For Ryan Marinacci, associate at Bogoroch & Associates LLP, the confirmation is a welcome one for the plaintiff-side of the table.

“Plaintiffs suffer a loss which often occurred years before the actual trial. Prejudgment interest is meant to recognize that and compensate the plaintiffs for the time value of money and lost interest they would have earned had they had the money to invest from the date of loss. Essentially, it results in a greater award for plaintiffs.”

The presumptive prejudgment interest rate is 5% under s. 128 of the Courts of Justice Act and Rule 53.10 of the Rules of Civil Procedure. In accordance with the Courts of Justice Act s. 130, if a party wants to deviate from the presumptive rate, they can bring a motion and the court must consider the factors in ss. 2.

In the trial decisions being appealed from, the trial judges set PJI at 1.3% based largely on the consumer price index (CPI) over the same period. On appeal, the panel found that the trial judges failed to consider the factors under s. 130(2). Instead, the trial judges had interpreted changes in “market interest rate” (s. 130(2)(a)) to mean the CPI and did not consider the other factors. Both judges reduced prejudgment interest from 5% because the rate of inflation based on the CPI was lower at the time of the incidents — 2010 in Henry and 2015 in Aubin — and over the course of the initial lawsuits. In both cases the Court of Appeal found that it was an error for the trial judges to simply rely on the average CPI during that time.

“The court went through the legislation in both decisions and noted that MIR is not defined, and found that it was an error for the trial judges to simply use the CPI as a stand-in,” Marinacci explains, noting that the appeal court ultimately fixed the PJI at 5% in Henry v. Zaitlen and at 8.46% in Aubin v. Synagogue and Jewish Community Centre of Ottawa (Soloway Jewish Community Centre). It was also an error for the trial judges not to have considered the other factors under s. 130(2).

The court further observed that the objective of PJI is to encourage early settlement and make sure defendants do not receive a windfall benefit in the form of use of the money that should have been paid to the plaintiff. For example, if the defendant earns a high rate of interest on the damages it must pay out, it’s beneficial for them to hold out unless PJI is appropriately calculated. In Aubin, the plaintiff brought a motion to deviate upwards to 8.46% and led evidence that had they had the money from the time of the incident, they would have seen a rate of return similar to what they earned on other investments, which was 8.46%.

On the other hand, part of the rationale for deviating downward from the presumptive 5% rate is to avoid overcompensation to the plaintiff. In both cases, the Court recognized that plaintiffs would not be fully compensated (let alone overcompensated) even at a higher rate because PJI is calculated as simple interest whereas invested interest, which they would have been earning, is compound. Therefore, even if the PJI rate is higher than the rate of CPI, it’s still not over-compensation.

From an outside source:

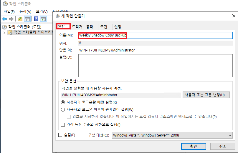 ⅲ. 일반 탭에서 작업 이름 입력(예: "weekly Shadow Copy Backup")
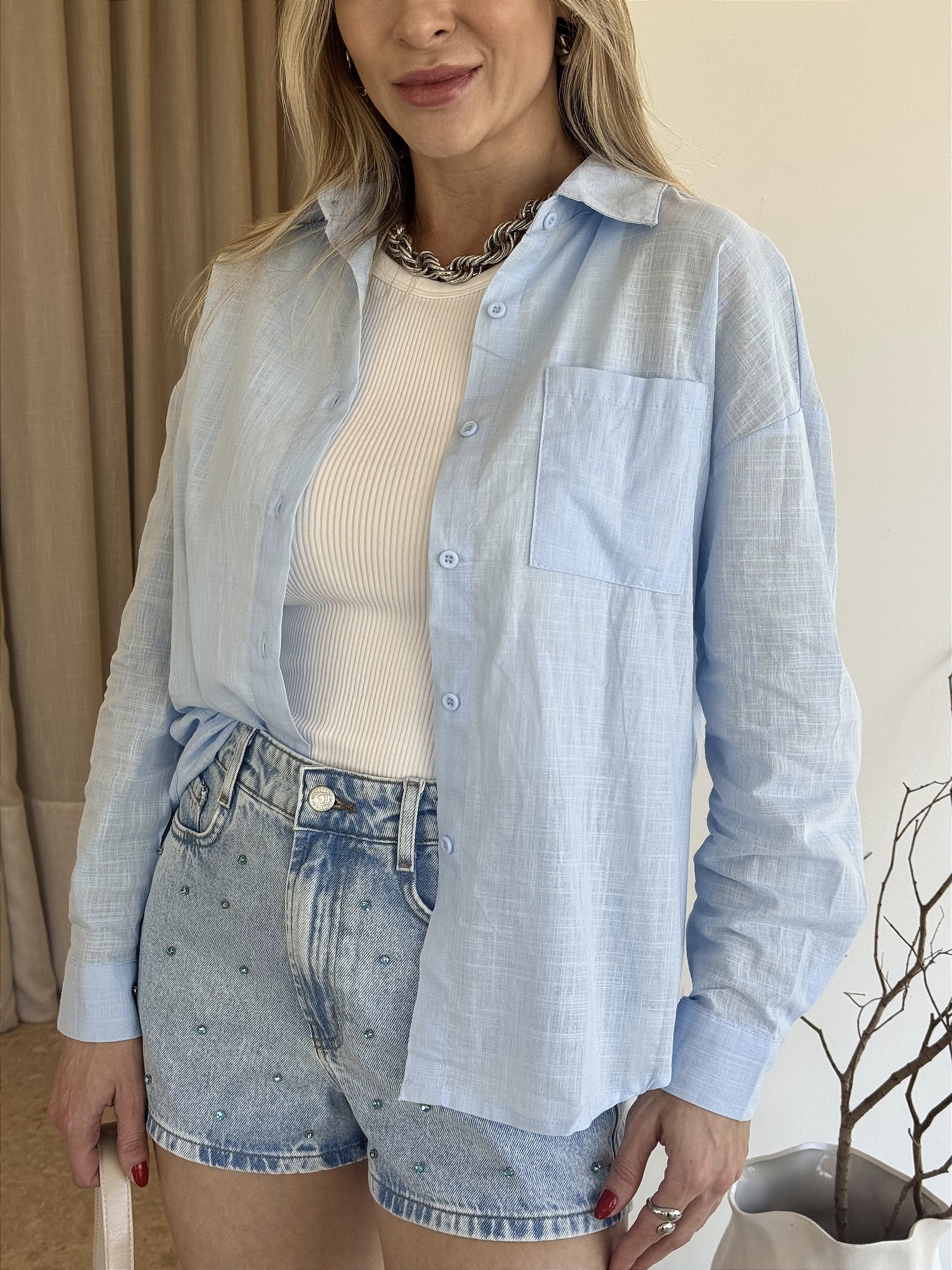 A Camisa Elisandra é confeccionada em tecido leve e fluido, garantindo conforto e caimento impecável. Possui bolso frontal e fechamento por botões, trazendo o toque de elegância e praticidade que toda peça atemporal deve ter. Uma camisa clássica e versátil, perfeita para compor desde looks casuais até produções mais sofisticadas.

In Aubin, the appellants also provided evidence on the high rate of return of the defendant’s insurance company during the same time frame to further support their request for an upward deviation. The Court of Appeal ultimately agreed with the appellants, confirming that evidence of the rates of return on the plaintiff's investments and the insurer's investments are relevant to the assessment of PJI.

“Before these two cases, there were routinely disputes as to the appropriate prejudgment interest rate, but the Court of Appeal in these decisions has confirmed that it should be fixed presumptively at 5% and not simply based on the CPI,” Marinacci says. “And as another takeaway for plaintiff counsel, when there’s evidence to support upward deviation, it’s a good avenue to explore.”